» Task requirements
Would you transcribe the entries below, beginning at the line with "A square window" and ending after the line with "マップの右上を見れば開封した", exactly, with no picture and nothing more?
(Source material begins)
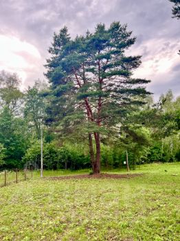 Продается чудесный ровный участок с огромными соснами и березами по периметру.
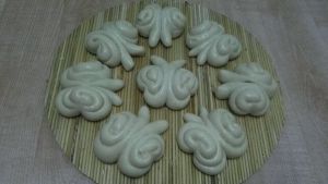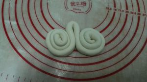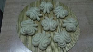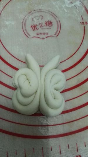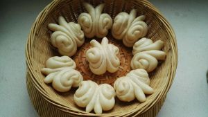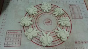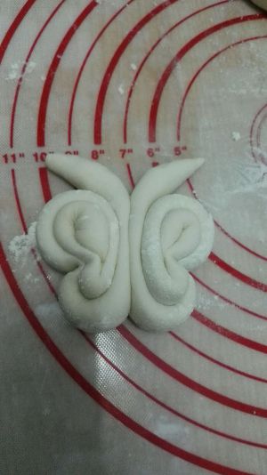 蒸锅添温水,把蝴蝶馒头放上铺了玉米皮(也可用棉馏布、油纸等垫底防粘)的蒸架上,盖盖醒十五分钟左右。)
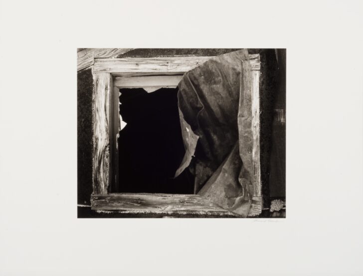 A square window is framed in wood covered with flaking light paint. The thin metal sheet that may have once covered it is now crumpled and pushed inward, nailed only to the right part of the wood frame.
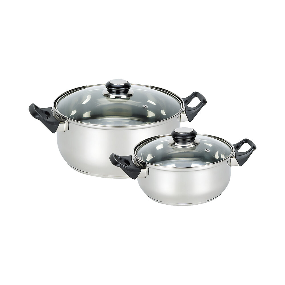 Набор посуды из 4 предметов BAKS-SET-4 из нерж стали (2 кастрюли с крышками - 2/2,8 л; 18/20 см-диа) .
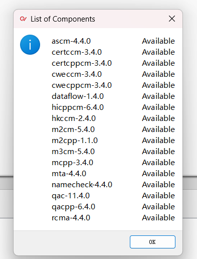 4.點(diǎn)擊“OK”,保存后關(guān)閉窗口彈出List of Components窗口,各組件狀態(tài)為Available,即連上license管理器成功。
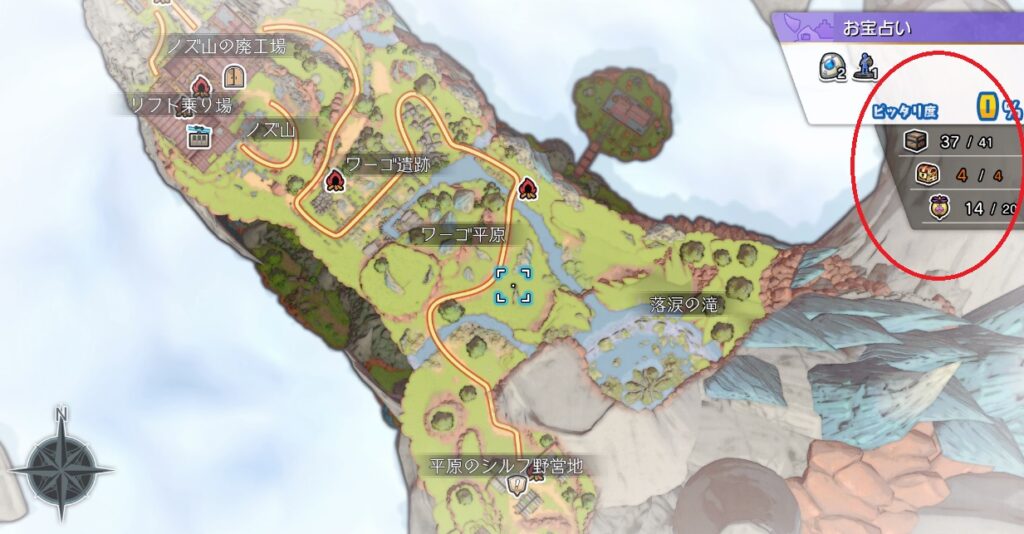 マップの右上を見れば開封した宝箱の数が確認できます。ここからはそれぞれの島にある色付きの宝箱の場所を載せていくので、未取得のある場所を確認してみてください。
(Source material ends)
(Source material begins)
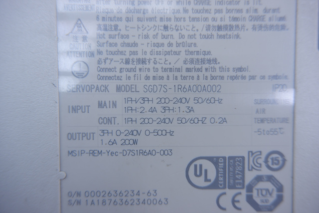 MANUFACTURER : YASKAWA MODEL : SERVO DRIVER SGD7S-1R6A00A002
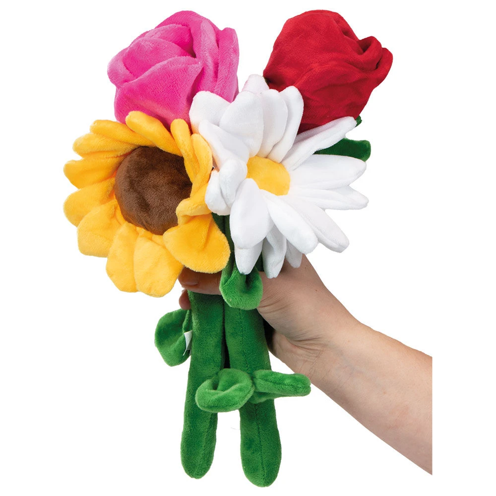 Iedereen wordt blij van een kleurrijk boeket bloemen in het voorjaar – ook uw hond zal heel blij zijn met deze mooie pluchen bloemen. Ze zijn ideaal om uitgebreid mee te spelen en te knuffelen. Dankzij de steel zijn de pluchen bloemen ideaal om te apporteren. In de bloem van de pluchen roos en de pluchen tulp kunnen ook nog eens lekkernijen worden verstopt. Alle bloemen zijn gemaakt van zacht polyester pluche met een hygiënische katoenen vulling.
(Source material ends)
» Written response
 A square window is framed in wood covered with flaking light paint. The thin metal sheet that may have once covered it is now crumpled and pushed inward, nailed only to the right part of the wood frame.
 Набор посуды из 4 предметов BAKS-SET-4 из нерж стали (2 кастрюли с крышками - 2/2,8 л; 18/20 см-диа) .
 4.點(diǎn)擊“OK”,保存后關(guān)閉窗口彈出List of Components窗口,各組件狀態(tài)為Available,即連上license管理器成功。
 マップの右上を見れば開封した宝箱の数が確認できます。ここからはそれぞれの島にある色付きの宝箱の場所を載せていくので、未取得のある場所を確認してみてください。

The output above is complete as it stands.